Perché allora risulta così difficile superare un test così apparentemente minimale? Tra i possibili fattori sono stati suggeriti quello della scarsa presenza di registe donne (fenomeno chiamato soffitto di celluloide), nonché la presunta convinzione che il pubblico non gradisca film che hanno donne forti come protagoniste. Il produttore cinematografico Michael Shamberg affermò al riguardo che «è più facile che le donne vadano a vedere un “film di uomini” che non gli uomini facciano lo stesso con un “film di donne”»

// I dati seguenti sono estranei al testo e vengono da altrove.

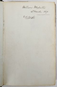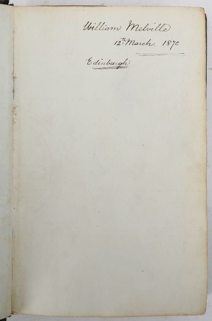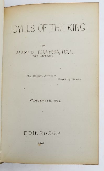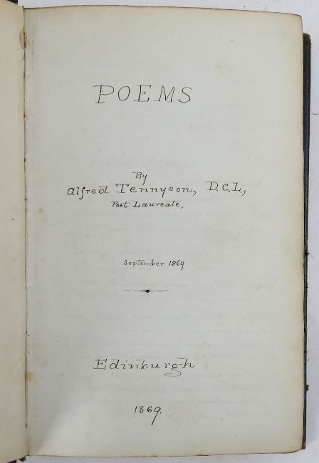 16mo, hardback, gilt tooled spine, end papers with blind stamp, inscription on front end paper titled; 'William Melville 12th March 1870, Edinburgh.' hand-written copy, detailing Tennyson's works from 1869-1870, with 5 works within;
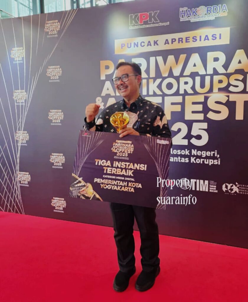 Jakarta,suarainfo.com-Pemkot Yogyakarta meraih penghargaan tiga instansi terbaik kategori media digital dalam ACFFEST 2025 berkat kampanye satir edukatif “Uang Semir”. KPK RI menyerahkan penghargaan ini secara langsung kepada Wali Kota Yogyakarta, Hasto Wardoyo, pada malam puncak di (TIM) Jakarta, Kamis,(27/11/2025).

I film che superano il test
Esistono diversi titoli, tuttavia, che superano il test di Bechdel e non è un caso che la maggior parte dei titoli in questione non siano stati scritti da maschi etero cisgender. Tra i titoli che superano il test figurano Thelma e Louise, Piccole Donne, Barbie, Tutto su mia madre, La vita di Adele. Questi sono solo alcuni degli esempi di film che hanno aperto le porte a ruoli femminili potenti e fortemente centrali, in cui le donne hanno finalmente smesso di avere una funzione accessoria per diventare esse stesse le protagoniste, esprimendo nuovi punti di vista e visioni.